From the listing below, reproduce exactly the lines starting with the one with "지난달 29일 오후 서울과" and going on through the one with "Haustür-Verschlüsse mit Zu", both ends kept. No picture is copied.

**THE RECORDS:**
=== Section Start ===

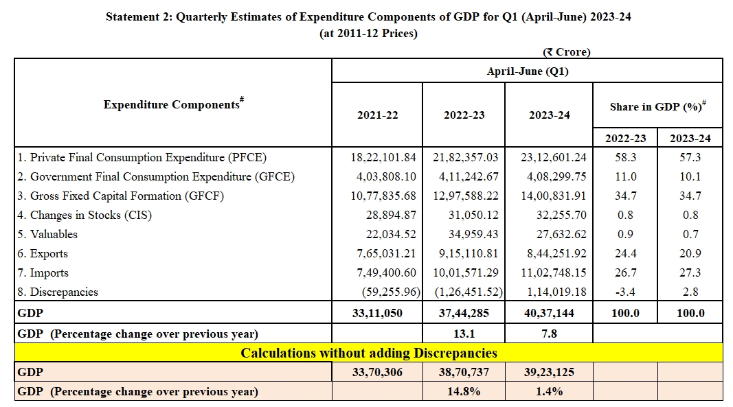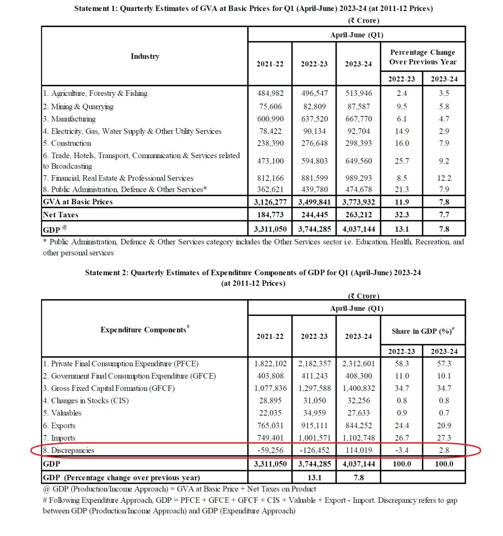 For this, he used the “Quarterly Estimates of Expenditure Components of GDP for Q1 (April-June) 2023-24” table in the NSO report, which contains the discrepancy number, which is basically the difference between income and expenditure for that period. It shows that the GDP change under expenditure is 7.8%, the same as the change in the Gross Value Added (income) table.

=== Section End ===
=== Section Start ===

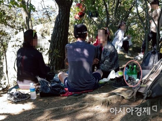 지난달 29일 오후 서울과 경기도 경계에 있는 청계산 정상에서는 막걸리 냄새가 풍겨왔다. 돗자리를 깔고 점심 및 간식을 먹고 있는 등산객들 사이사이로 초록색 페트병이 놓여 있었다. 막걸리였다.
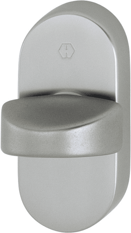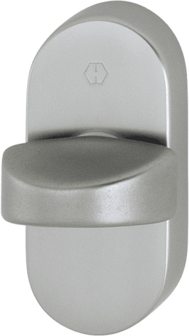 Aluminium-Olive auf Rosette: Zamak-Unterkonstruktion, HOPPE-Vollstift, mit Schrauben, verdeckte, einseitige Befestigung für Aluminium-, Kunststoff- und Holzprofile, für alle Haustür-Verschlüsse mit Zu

=== Section End ===

**OUTPUT FOR THIS EXERCISE:**
 지난달 29일 오후 서울과 경기도 경계에 있는 청계산 정상에서는 막걸리 냄새가 풍겨왔다. 돗자리를 깔고 점심 및 간식을 먹고 있는 등산객들 사이사이로 초록색 페트병이 놓여 있었다. 막걸리였다.
 Aluminium-Olive auf Rosette: Zamak-Unterkonstruktion, HOPPE-Vollstift, mit Schrauben, verdeckte, einseitige Befestigung für Aluminium-, Kunststoff- und Holzprofile, für alle Haustür-Verschlüsse mit Zu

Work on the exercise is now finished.